ENTRIES SHOWN:
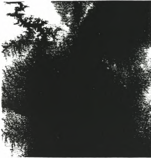
Figure 3. The Digital Elevation Model

Elevation contours (20 m interval) and spot heights were digitised from the topographic maps to create a DEM (Figure 3).
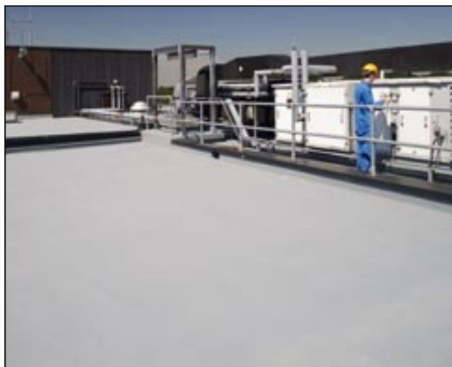
Above: Elastaseal™ used on the roof of a food processing factory

* this reinforcing mat is applied into the wet embedment coat
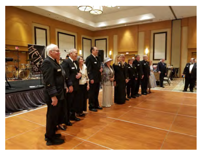
The new Bridge members were announced one by one as they entered the ballroom with their partners
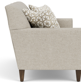
5966-31 in Fabric 818-01
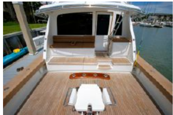
> Cockpit 2
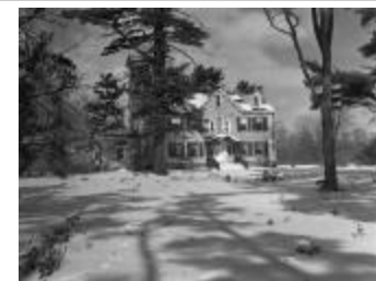
Van Buren House in Kinderhook, March 7, 1947 (NYSA_A0245-77_Columbia_B02_59)
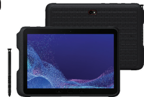
Samsung Galaxy Tab Active 4 Pro EE 5G
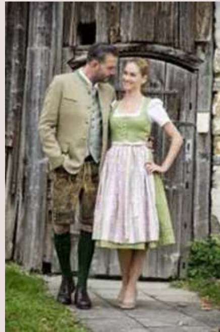
THE NEW GENERATION
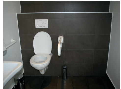
WC in restaurant
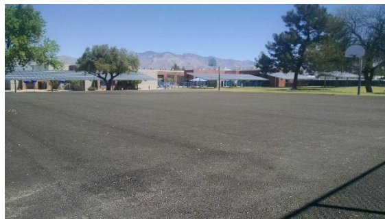
Newly Paved Basketball Court
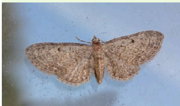
Slender Pug

Nikki Barrow ran her Shirland light trap overnight on 11th, with 64 species including Slender Pug , Pebble Hook-tip , White-spotted Pug and Silver Y . Graham Pollock from Quarndon recorded 261/41 from his garden light trap including Black Arches , Burnished Brass , Campion , Knot Grass and Oak Hook-tip .
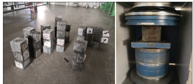
Figure 3: Cubes and compressive strength test machine

The compressive strength development at various curing ages for all types of concrete is presented in Table 7.
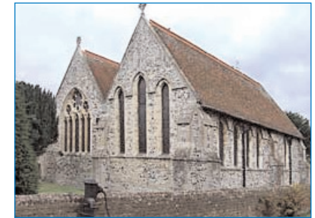
St Bartholomew's Hospital
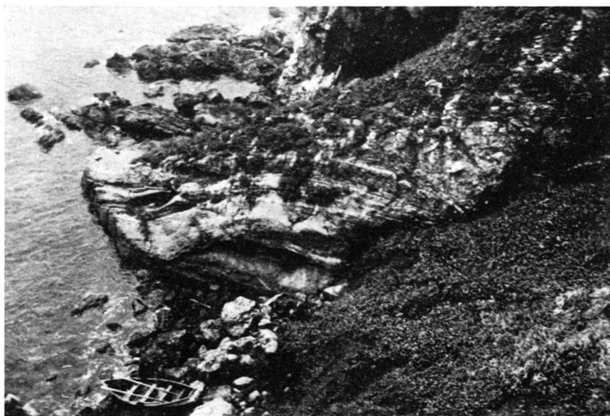
Fig. 5. Landing place with orbitoidal limestone (B-3) of Bed 10.

Bed 10 is built up mainly of layers of grey glauconitic orbitoid marlstone with intercalated softer marls. The lowest 4 meters are composed almost entirely of the tests of orbitoids and colonies of calcareous algae ( Lithothamnium s.l.), fine brecciated rubble of the same material and echinoids. Typical of the lower part are the samples Rz.251, J.S.1024, K.903, K.1500 (all in square B-3 of the map).
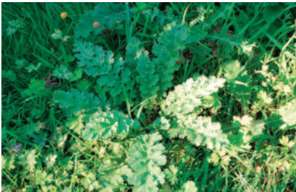
Above: Ragwort at the rosette stage

To safeguard your horse ensure all ragwort is removed from their pasture which is often achieved by pulling the plant up or spraying the land with an appropriate herbicide. Ragwort must never be left on the pasture as it becomes more palatable to horses in its dried form but retains its poisonous properties. When handling the plant it is strongly advised to wear gloves and a face mask due to the potential risks of absorbing the toxins through your own skin or inhaling the pollen. For further advice on removing and disposing of ragwort and also for help on what to do if your horse's pasture is surrounded by ragwort, refer to the BHS Ragwort Toolkit, available at bhs.org.uk .
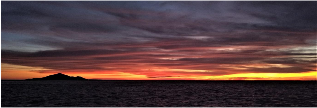
Above: Sunset on our final night at Saibai

At 9.30am the next morning we stepped into the dinghy for the last time and made the short trip to the sandy beach on the western side of the island. Once ashore we tracked down 5-6 Ashy-bellied White-eye in the vine thicket and after half an hour on the island returned to Eclipse for our final lunch. Sadly it was time to say goodbye at the airport to catch the departure flights home. Thank you for an awesome trip.
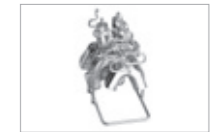
E522/1 Insert, 19721428 9 holders for dental impression plates. H 140, W 100, D 190 mm
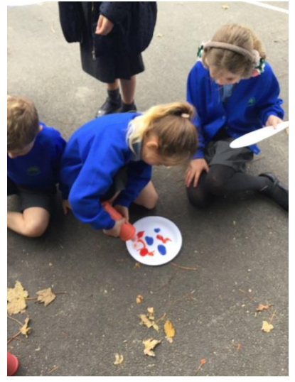
The last activity we did was to create art by throwing paper plates! We put drops

Next we went on the playground equipment. We were investigating if they used a pushing or pulling force and how friction and used. We gravity was discovered that the supernova uses a pushing force because it requires a push to turn it. The climbing blocks use a push and pull, you push with your legs but you pull with your arms.
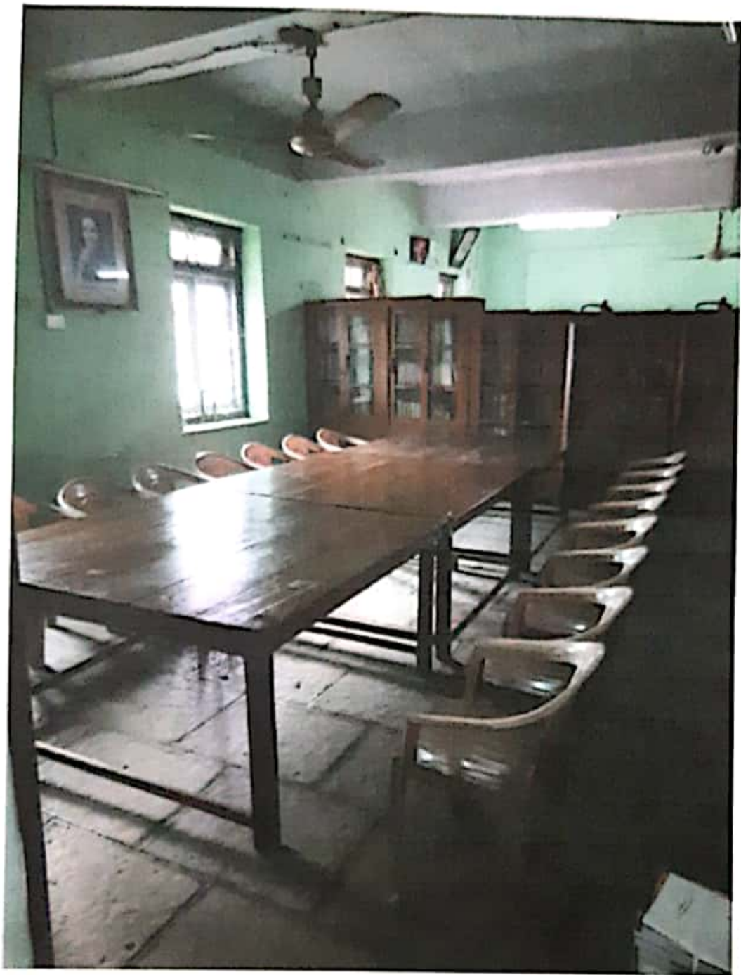
LIBRARY READING ROOM

WHAT IS NEEDED: From the records above, give again only the part that opens with the line containing "Nikki Barrow ran" and closes with the line containing "Fig. 5. Landing". Keep both ends but drop the pictures.

SOLUTION TO THE PROBLEM:
Nikki Barrow ran her Shirland light trap overnight on 11th, with 64 species including Slender Pug , Pebble Hook-tip , White-spotted Pug and Silver Y . Graham Pollock from Quarndon recorded 261/41 from his garden light trap including Black Arches , Burnished Brass , Campion , Knot Grass and Oak Hook-tip .
Figure 3: Cubes and compressive strength test machine

The compressive strength development at various curing ages for all types of concrete is presented in Table 7.
St Bartholomew's Hospital
Fig. 5. Landing place with orbitoidal limestone (B-3) of Bed 10.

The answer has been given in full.